Optimizing Our Automated Analysis Workflows
By queuing several scans together, we let the model reason across functions and produce holistic results.
We batch related analysis tasks so the assistant can compare code and data across a project in one pass. This reduces repeated setup and cuts overall time.
Maintaining a clear context lets the assistant track edits across functions and keep responses coherent. We record checkpoints so the program state is reproducible between runs.
Our plugin automates repetitive extraction of strings, imports, and other file artifacts. Automating those tasks saves hours when working on large binaries.
- Batching groups scans to generate cross‑referenced outputs.
- Context checkpoints keep the assistant aligned on program changes.
- Model experiments help us pick the best models for specific code patterns.
| Goal | How we do it | Benefit |
|---|---|---|
| Reduce manual steps | Batch tasks via bridge and plugin | Less setup, faster runs |
| Improve accuracy | Maintain context checkpoints | Consistent responses across runs |
| Scale analysis | Automate data extraction | Focus on hard problems, not routine tasks |
When we need inspiration on tooling and productivity flows, we consult a concise guide to the best AI productivity tools at best AI productivity tools. That resource helped us refine how the assistant and the plugin split tasks.
Final Thoughts on the Future of AI-Driven Reverse Engineering
The next wave of tools will make reverse engineering faster and more approachable for teams. We see AI acting as a force multiplier for daily analysis and long-term engineering goals. This work shows how models speed routine tasks and free us to focus on hard problems.

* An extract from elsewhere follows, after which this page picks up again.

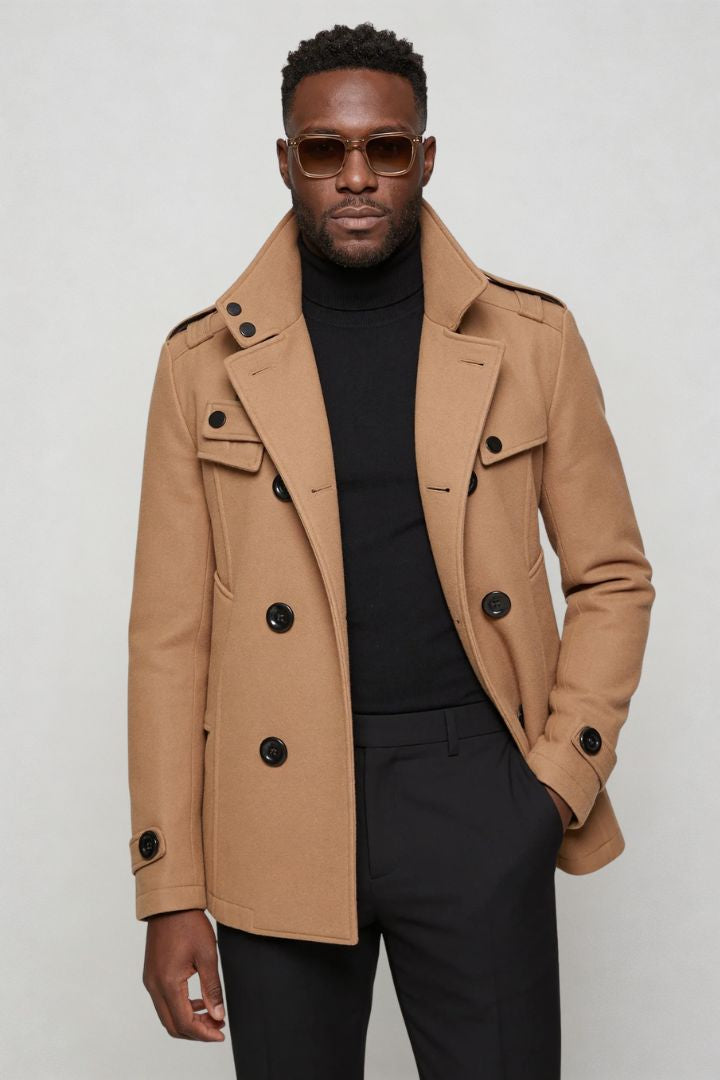 The Valden Classic Peacoat is built for presence. A structured wool blend exterior delivers warmth without bulk, while the sharp double-breasted front and strong lapels create a confident, tailored silhouette.

The current version of the plugin is powerful, yet there is room to improve installer scripts and the extension UX. We look forward to repository updates that simplify installing the extension and the associated data file. Better packaging will help more teams reproduce our results.
We encourage others to test these ideas, fork the project, and share findings. This post aims to start a community effort that strengthens tools, speeds workflows, and broadens access to modern reverse engineering techniques.